Script data: Merkle trees can commit to large datasets while storing only the root on-chain, with off-chain proofs for individual elements.

How Do Digital Signatures Prove Identity?

A digital signature scheme lets someone sign a message with a private key so that anyone can verify that signature using the corresponding public key. Digital signatures provide three guarantees: authentication (the signature proves the message creator held the private key), integrity (any modification invalidates the signature), and non-repudiation (the signer cannot deny having signed).

How Do Digital Signatures Work Conceptually?

A digital signature scheme has three operations:

Key Generation:
  (private_key, public_key) = generate_keypair()
  // private_key: kept secret, used to sign
  // public_key: shared publicly, used to verify

Signing:
  signature = sign(message, private_key)
  // Only someone with the private_key can produce this

Verification:
  is_valid = verify(message, signature, public_key)
  // Anyone with the public_key can verify
  // Returns true if the signature is authentic

The mathematical relationship between the keys ensures that:

Only someone with the private key can produce a valid signature
The public key can verify the signature without revealing the private key
The signature is bound to the specific message; it cannot be transferred to a different message

Why Does Cardano Use Ed25519?

Cardano uses Ed25519, an implementation of the Edwards-curve Digital Signature Algorithm (EdDSA) using Curve25519. Daniel J. Bernstein and colleagues designed Ed25519 with explicit performance and security goals.

Property	Ed25519	ECDSA (used by Bitcoin/Ethereum)
Key size	32 bytes (private), 32 bytes (public)	32 bytes (private), 33 bytes (public, compressed)
Signature size	64 bytes	~72 bytes (DER encoded)
Speed	Very fast signing and verification	Slower
Deterministic	Yes (same message + key = same signature)	Requires a random nonce (source of many bugs)
Side-channel resistance	Designed to resist timing attacks	Vulnerable if implemented carelessly
Batch verification	Efficient batch verification possible	Not natively supported

Ed25519’s deterministic signing is a significant security advantage. With ECDSA (used by Bitcoin and Ethereum), signing requires a random number (nonce). If the random number generator is flawed, the private key can be extracted from signatures. This has caused real-world key compromises. Ed25519 eliminates this entire class of vulnerabilities by deriving the nonce deterministically from the message and private key.

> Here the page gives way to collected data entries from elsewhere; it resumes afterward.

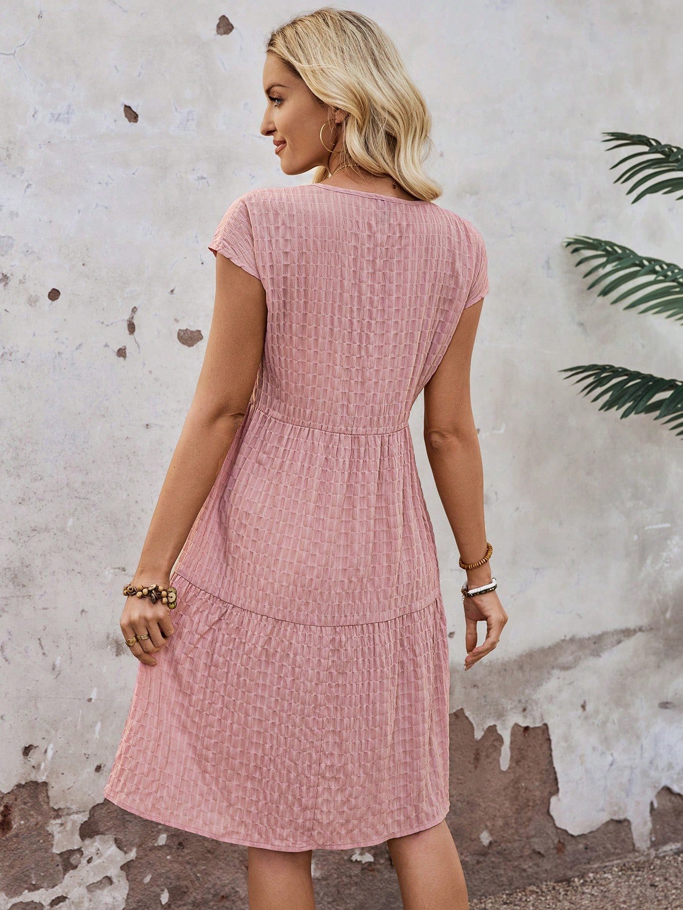 Vestido Camisero De Manga Corta De Verano De Cintura Alta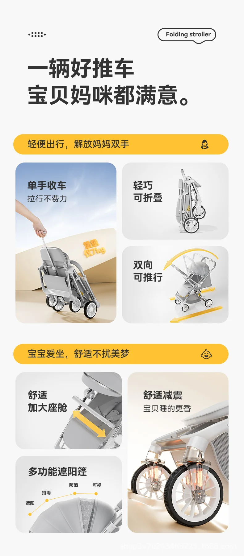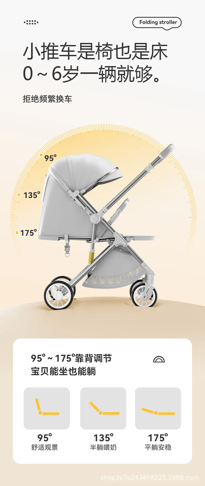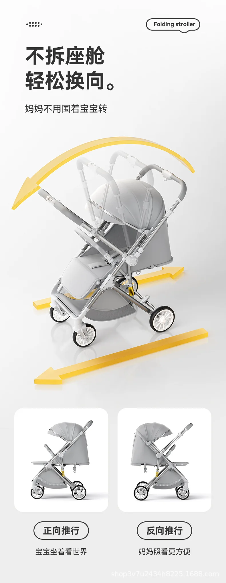 Cochecitos de bebé de alto paisaje, ligeros, plegables, sentado, reclinados, cochecitos bidireccionales para niños, carritos de equipo para caminar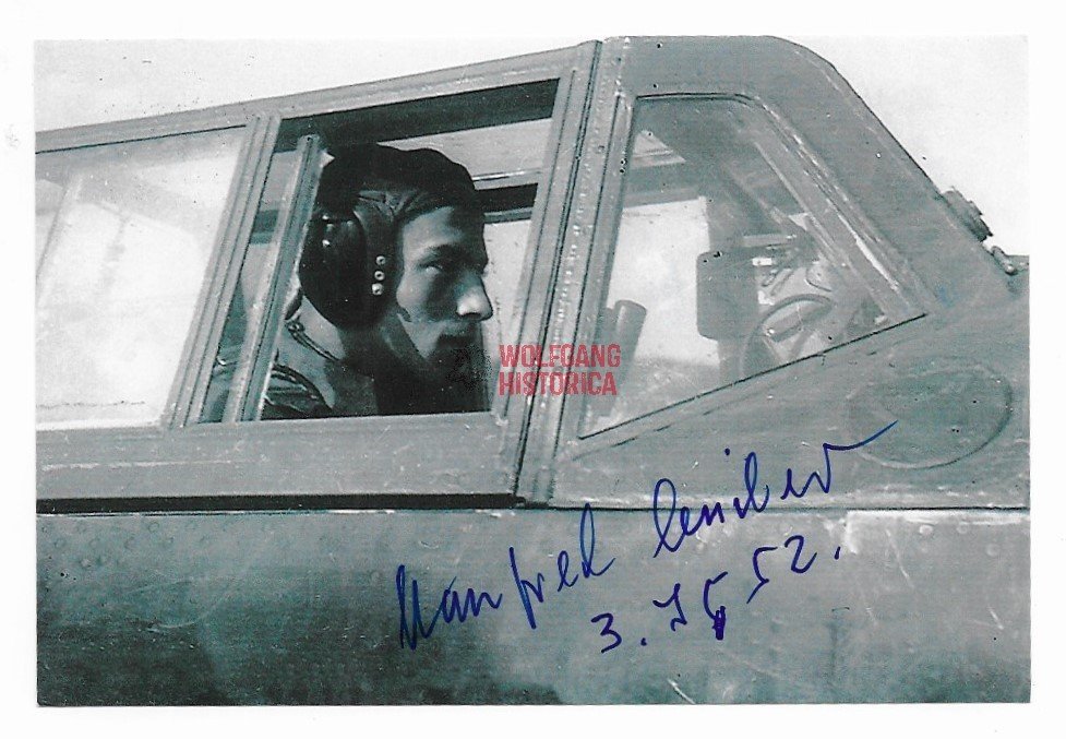 Original Postwar Signature on a Postwar Photo of Manfred Leisebein. Manfred Leisebein scored 5 aerial victories with the 3. Staffel/ Jagdgeschwader 52. Good condition. Postcardsize.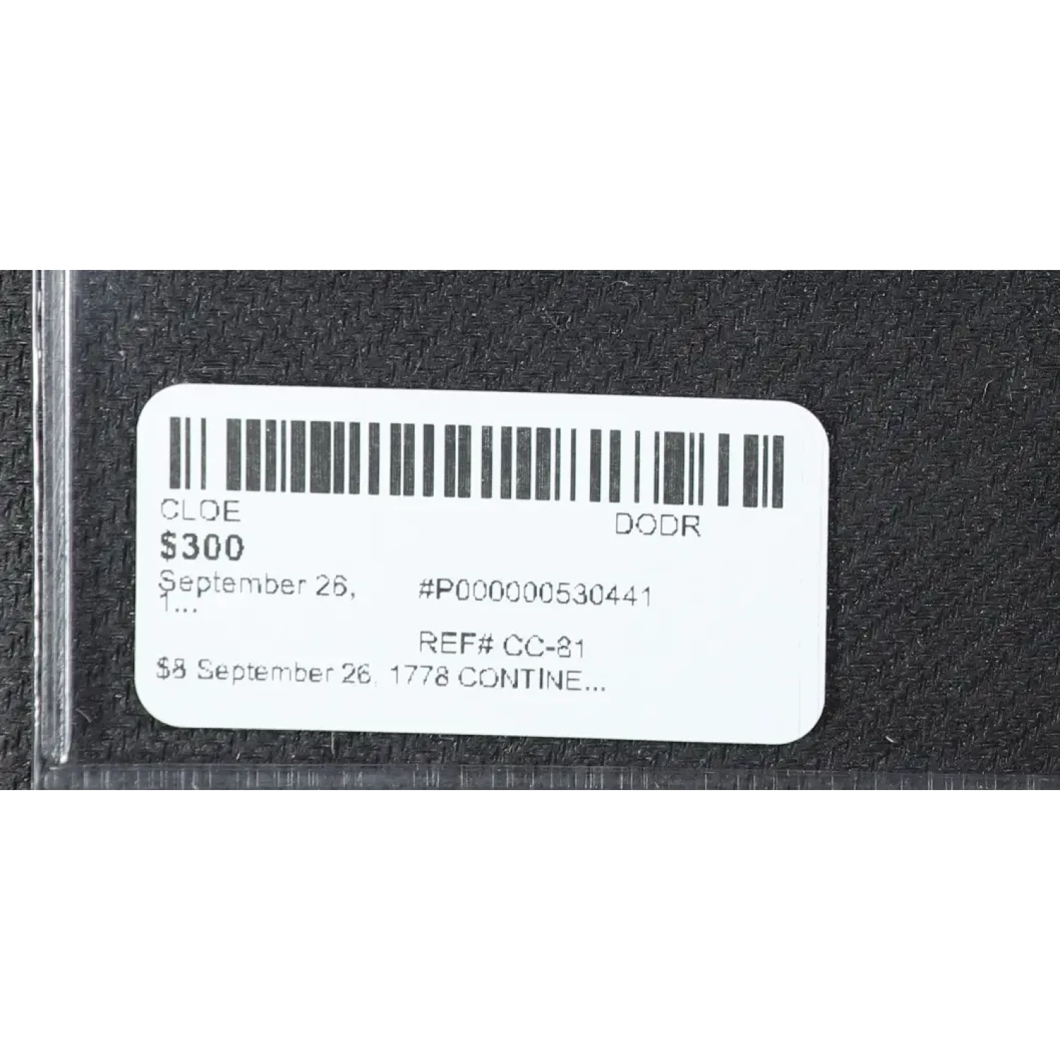 $8 September 26, 1778 CONTINENTAL CURRENCY CC-81

How Do Signatures Work in Cardano Transactions?

Every Cardano transaction must be signed by the private keys controlling the inputs being spent. Here is the conceptual flow:

1. Construct the transaction body:
   TransactionBody {
     inputs:  [utxo_1, utxo_2]
     outputs: [output_to_recipient, change_output]
     fee:     200000 lovelace
   }

2. Serialize and hash the transaction body:
   tx_body_hash = blake2b_256(serialize(transaction_body))

3. Sign the hash with each required private key:
   signature_1 = ed25519_sign(tx_body_hash, private_key_1)
   signature_2 = ed25519_sign(tx_body_hash, private_key_2)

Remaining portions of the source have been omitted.